| Records supplied |
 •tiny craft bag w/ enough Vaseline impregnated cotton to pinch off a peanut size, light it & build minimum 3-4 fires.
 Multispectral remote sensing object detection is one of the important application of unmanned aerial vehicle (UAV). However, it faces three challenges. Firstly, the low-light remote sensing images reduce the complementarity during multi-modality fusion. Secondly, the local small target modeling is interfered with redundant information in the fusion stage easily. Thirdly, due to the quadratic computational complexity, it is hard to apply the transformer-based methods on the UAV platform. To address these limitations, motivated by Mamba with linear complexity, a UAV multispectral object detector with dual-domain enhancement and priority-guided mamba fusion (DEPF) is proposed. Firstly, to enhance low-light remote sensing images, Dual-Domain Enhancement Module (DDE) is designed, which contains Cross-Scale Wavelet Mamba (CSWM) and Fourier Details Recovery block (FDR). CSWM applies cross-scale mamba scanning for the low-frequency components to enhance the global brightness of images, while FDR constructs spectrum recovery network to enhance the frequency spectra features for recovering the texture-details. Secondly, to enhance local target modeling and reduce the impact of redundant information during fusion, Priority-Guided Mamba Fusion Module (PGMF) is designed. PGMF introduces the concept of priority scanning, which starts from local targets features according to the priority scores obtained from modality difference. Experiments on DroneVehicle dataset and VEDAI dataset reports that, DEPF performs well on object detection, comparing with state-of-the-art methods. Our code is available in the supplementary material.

* * *

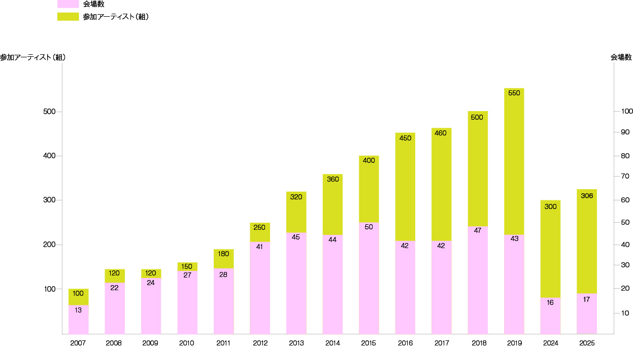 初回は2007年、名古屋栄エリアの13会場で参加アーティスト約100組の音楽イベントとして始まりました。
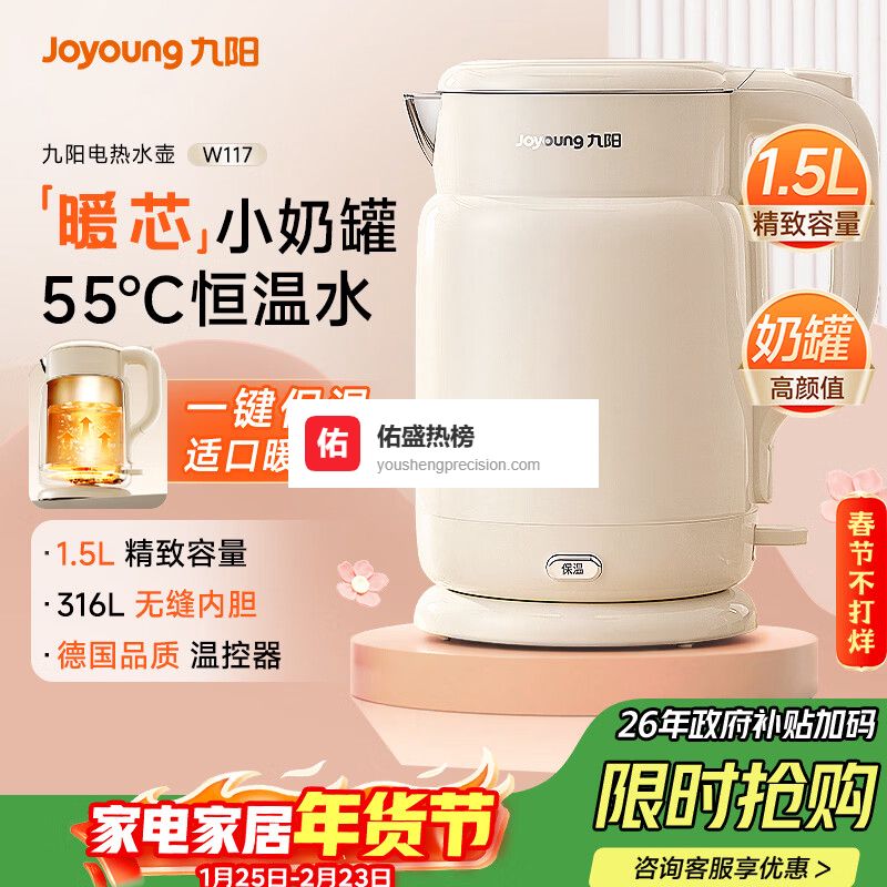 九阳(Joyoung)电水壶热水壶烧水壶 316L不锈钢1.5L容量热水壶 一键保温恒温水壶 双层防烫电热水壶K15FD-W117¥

| Your instructions |
In the entries above, find the line containing "初回は2007年、名古屋栄エ" and the line containing "九阳(Joyoung)电水壶热水壶烧水壶 316L不锈钢1.5L容量热水壶 一键保温恒温水壶"; give again exactly those two lines and every line between them, minus the pictures.

| Solution to the exercise |
 初回は2007年、名古屋栄エリアの13会場で参加アーティスト約100組の音楽イベントとして始まりました。
 九阳(Joyoung)电水壶热水壶烧水壶 316L不锈钢1.5L容量热水壶 一键保温恒温水壶 双层防烫电热水壶K15FD-W117¥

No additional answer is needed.